Ms. Goodwin also gets some momentum from her story’s subplots, even when they rely on stock characters. Take Charlotte Beauchamp — and Ivo apparently has, leaving Charlotte with a nastily proprietary attitude toward him and a bitchy one toward Cora. As Charlotte looks appraisingly at Cora, she has her mouth “curved upwards in what might have been a smile.” Charlotte also has a husband who is handy with a hairbrush, whether he is using it to groom his wife’s long blond hair (and “pacify it into a golden sheet”) or spanking her.

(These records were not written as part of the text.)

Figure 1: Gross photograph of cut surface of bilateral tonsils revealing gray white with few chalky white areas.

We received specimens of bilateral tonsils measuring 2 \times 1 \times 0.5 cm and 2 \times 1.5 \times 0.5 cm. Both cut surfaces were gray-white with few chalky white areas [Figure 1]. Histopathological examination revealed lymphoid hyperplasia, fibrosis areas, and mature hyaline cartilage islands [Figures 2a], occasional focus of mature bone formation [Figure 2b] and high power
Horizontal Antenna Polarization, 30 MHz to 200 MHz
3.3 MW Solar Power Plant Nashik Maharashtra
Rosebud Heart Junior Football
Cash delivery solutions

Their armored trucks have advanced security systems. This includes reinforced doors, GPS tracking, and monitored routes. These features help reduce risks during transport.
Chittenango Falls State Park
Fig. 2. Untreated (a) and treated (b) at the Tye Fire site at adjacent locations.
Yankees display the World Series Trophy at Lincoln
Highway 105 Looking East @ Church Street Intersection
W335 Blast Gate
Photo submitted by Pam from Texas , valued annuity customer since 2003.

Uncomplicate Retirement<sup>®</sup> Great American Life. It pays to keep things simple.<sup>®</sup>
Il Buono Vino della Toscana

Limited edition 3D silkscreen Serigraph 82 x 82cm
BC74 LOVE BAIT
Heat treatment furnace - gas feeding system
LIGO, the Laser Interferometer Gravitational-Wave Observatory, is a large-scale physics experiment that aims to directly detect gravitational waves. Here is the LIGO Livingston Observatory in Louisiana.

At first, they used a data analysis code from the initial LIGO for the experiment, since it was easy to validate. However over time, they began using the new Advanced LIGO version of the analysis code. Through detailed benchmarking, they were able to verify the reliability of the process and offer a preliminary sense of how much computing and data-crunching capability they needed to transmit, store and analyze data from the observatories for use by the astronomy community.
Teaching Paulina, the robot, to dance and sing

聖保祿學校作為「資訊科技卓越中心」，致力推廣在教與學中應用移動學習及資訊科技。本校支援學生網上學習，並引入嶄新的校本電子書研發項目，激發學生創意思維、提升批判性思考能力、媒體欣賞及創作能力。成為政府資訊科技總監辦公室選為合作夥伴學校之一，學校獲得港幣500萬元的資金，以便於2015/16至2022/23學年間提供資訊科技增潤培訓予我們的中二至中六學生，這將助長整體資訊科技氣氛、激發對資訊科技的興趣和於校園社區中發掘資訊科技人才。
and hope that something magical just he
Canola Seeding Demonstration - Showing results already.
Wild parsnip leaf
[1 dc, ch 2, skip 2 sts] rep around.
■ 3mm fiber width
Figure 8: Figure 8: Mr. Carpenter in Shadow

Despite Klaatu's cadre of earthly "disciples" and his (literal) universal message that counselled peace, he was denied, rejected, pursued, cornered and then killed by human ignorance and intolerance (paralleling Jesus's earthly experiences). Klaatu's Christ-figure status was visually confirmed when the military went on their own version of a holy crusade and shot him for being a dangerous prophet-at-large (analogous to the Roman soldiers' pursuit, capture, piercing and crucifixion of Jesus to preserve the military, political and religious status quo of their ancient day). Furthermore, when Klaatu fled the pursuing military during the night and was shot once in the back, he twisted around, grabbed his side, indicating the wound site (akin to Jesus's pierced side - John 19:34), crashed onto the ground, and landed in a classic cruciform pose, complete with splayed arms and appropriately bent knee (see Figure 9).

“The American Heiress” also features Ivo’s feline mother, who made herself a double duchess by marrying a second duke after Ivo’s father had died and who is expertly dismissive in dealing with her new daughter-in-law’s flashy American tastes for, say, plumbing. “Perhaps I am just set in my ways but I cannot help but think there is more to life than hot water,” the duchess tells one of her many admirers, the Prince of Wales (whose royal visits are a royal pain). The novel’s best-drawn secondary character is Bertha, Cora’s American maid, who spends a lot of time lacing her mistress into corsets but even more time making astute social observations. During the course of the book, Bertha acquires direct experience of the differences between racial discrimination in America and class discrimination in England.
“The American Heiress” connects to Browning’s “My Last Duchess” when Cora is persuaded to have her portrait painted by an artist who is guaranteed to inflame Ivo’s dangerous side. But this is a book that seeks to beguile, not horrify. So Cora, unlike the doomed duchess in the poem, remains a vibrant character throughout Ms. Goodwin’s archly entertaining story. She has no intention of seeing herself relegated to a space on a castle wall.